Because You’re A Girl by Seonjeong “Sophie” Kim

“Because you’re a girl.” Whenever I asked my parents why I couldn’t do what my brother was doing, this is the answer I got. The list of things that girls are apparently not allowed to do grew  longer each year and include sleeping at a friend’s house, staying out after the sun goes down, and  wearing shorts that are “too short.” When I challenged their response, they reminded me of all the  famous incidences of sexual violence against women. They always end the discussion by warning  me to behave more carefully as if my sexual violence risk is determined by the length of my shorts. 

This is the sad truth: too many people in Korea think women provoke sexual violence. People say  crazy things like, “she shouldn’t have smiled so much at him,” or “he paid for her dinner, what did  she expect?” These are the actual sort of reasons the assailants give to the police though, which  means that a lot of people are more ready to agree with the assailant than with the woman who was  attacked. The challenge that girls like me face is how to handle worrying about our safety and  worrying about how we are perceived at the same time. It is kind of a twisted balancing act. 

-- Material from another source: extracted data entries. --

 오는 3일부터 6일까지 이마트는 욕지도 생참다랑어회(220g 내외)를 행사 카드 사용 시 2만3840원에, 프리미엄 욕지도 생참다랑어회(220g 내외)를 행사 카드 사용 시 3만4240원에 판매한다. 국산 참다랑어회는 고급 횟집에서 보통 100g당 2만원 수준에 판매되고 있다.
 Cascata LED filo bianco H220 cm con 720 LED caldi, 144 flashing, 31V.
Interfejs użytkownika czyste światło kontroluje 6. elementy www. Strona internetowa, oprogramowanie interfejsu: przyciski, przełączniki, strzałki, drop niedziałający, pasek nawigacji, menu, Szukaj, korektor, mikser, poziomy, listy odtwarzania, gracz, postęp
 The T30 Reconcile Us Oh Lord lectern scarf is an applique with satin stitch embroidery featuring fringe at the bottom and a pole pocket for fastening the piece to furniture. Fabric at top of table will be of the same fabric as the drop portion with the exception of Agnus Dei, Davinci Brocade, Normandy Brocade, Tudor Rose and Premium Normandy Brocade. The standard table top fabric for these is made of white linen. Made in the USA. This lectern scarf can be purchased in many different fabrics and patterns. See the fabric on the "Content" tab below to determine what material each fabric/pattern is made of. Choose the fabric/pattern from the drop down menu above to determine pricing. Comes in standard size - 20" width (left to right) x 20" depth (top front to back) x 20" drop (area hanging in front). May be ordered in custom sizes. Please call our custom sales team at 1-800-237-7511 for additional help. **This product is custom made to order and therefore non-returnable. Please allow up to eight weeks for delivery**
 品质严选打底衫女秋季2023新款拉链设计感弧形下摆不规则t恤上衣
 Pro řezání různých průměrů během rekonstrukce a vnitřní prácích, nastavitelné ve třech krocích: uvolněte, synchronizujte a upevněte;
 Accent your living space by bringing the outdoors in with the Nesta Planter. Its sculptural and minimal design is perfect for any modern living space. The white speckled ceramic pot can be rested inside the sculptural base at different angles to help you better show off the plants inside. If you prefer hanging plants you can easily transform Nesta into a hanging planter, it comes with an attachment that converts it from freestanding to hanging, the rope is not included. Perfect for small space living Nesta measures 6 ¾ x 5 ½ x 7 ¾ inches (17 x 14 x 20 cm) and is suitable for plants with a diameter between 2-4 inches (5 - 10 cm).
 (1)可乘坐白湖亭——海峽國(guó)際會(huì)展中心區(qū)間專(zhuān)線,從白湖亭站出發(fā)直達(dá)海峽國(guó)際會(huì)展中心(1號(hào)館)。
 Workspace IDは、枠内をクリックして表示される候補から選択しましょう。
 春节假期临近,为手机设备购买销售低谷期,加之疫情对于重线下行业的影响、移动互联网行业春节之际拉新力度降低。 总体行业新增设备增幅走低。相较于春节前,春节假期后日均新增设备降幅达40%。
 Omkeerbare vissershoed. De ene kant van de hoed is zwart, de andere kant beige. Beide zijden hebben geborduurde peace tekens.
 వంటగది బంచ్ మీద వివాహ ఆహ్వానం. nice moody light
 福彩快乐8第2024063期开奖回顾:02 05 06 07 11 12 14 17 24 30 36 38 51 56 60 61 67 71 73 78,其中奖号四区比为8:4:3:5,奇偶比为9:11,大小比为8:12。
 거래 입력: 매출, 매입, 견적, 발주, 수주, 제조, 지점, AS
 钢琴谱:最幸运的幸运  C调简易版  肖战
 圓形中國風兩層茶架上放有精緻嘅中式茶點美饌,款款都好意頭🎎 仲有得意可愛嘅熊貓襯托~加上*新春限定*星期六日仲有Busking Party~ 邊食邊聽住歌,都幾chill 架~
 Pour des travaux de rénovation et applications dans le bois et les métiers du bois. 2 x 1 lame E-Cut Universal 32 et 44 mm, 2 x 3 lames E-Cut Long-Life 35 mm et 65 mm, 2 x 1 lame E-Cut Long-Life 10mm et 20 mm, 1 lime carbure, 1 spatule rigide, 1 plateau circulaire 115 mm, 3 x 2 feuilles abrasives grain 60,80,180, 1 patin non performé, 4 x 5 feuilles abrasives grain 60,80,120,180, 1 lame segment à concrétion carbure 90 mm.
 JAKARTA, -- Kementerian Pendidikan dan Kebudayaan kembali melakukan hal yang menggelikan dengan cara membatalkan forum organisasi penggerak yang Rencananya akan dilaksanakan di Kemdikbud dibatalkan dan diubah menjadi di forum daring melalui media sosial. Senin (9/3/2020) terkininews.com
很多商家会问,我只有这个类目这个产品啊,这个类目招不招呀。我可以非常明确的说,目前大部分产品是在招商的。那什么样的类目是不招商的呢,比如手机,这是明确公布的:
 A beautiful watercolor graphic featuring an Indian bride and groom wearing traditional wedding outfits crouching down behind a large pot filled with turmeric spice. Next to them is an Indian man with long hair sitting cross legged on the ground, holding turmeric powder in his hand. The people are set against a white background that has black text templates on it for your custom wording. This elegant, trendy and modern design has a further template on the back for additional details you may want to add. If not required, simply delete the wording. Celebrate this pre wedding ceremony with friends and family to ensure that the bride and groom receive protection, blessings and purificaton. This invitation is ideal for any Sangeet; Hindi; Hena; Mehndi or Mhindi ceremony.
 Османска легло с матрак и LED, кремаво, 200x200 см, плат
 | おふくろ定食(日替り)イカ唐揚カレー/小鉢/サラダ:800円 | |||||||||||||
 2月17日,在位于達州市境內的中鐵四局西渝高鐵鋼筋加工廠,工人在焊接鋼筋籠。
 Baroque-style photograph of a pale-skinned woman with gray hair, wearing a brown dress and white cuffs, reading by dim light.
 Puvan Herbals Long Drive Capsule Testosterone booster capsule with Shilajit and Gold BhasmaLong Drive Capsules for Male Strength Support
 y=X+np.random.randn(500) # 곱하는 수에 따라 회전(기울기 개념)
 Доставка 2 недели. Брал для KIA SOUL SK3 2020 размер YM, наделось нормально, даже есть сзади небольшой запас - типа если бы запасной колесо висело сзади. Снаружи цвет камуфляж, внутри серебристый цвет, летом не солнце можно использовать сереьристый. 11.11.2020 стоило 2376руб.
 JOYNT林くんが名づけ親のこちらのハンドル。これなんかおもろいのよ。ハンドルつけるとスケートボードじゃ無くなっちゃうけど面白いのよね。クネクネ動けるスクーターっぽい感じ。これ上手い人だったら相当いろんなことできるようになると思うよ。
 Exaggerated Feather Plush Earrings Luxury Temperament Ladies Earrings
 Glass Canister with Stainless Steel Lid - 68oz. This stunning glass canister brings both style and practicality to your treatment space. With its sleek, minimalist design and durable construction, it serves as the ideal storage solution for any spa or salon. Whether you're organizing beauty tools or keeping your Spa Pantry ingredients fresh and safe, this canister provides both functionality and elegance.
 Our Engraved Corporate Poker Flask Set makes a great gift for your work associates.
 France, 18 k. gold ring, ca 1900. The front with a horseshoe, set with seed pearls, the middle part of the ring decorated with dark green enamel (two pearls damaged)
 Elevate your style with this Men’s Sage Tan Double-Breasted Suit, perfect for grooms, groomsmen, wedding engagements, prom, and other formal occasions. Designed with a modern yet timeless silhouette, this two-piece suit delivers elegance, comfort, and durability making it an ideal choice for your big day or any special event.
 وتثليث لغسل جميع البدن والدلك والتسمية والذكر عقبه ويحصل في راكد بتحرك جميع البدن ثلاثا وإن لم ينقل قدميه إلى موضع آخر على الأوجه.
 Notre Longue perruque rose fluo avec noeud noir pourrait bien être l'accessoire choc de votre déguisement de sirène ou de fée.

In schools, businesses, churches, and on the street, women are accused of inviting sexual violence  everywhere they go. Too pretty? “You’re asking for it.” Friends with a guy? “You’re asking for it.”  Too outgoing? “You’re asking for it.” Even in the virtual world of the internet, women are accused  of “asking for it.” Korea’s pop stars and female celebrities are especially targeted by cyberbullies  and internet trolls who talk about them in the most disgusting ways. It seems like almost  everything a girl does is labelled as an invitation for men to creep around her. 

Sometimes, I think I would be more worried about how people would look at me if I was sexually  assaulted than the terror of sexual assault itself. Then I think about how insane that is. How can  this be normal? 

It bothers me that we have been forced to listen to stuff like this for so long that some of us even  believe it ourselves. Women in Korea are probably just as likely as men to accuse other women of  inviting sexual violence. I’ve even heard other girls my age say things like this. I expect sexism from  men, but hearing the same words come from women is really hard to understand.  

I guess it’s a cultural thing that we have been stuck with for too long. Korean women are still expected to play a really narrow role that involves pleasing a husband, staying attractive through 

plastic surgery, and raising the family from the home. Women who don’t behave are criticized. We  are taught that unless we’re super talented, we will have to find a suitable partner in marriage, so  we should try to be as attractive as possible. But if a girl is too attractive, she can be accused of  inviting an attack. Does that make any sense? 

I think we will have to keep fighting if we want to break this cycle of violence and prejudice. There  is reason to be hopeful, because a lot more women in Korea are starting to raise an outcry over  these problems. I hope we are successful in defeating this challenge, so that I never have to hear  “because you’re a girl” again.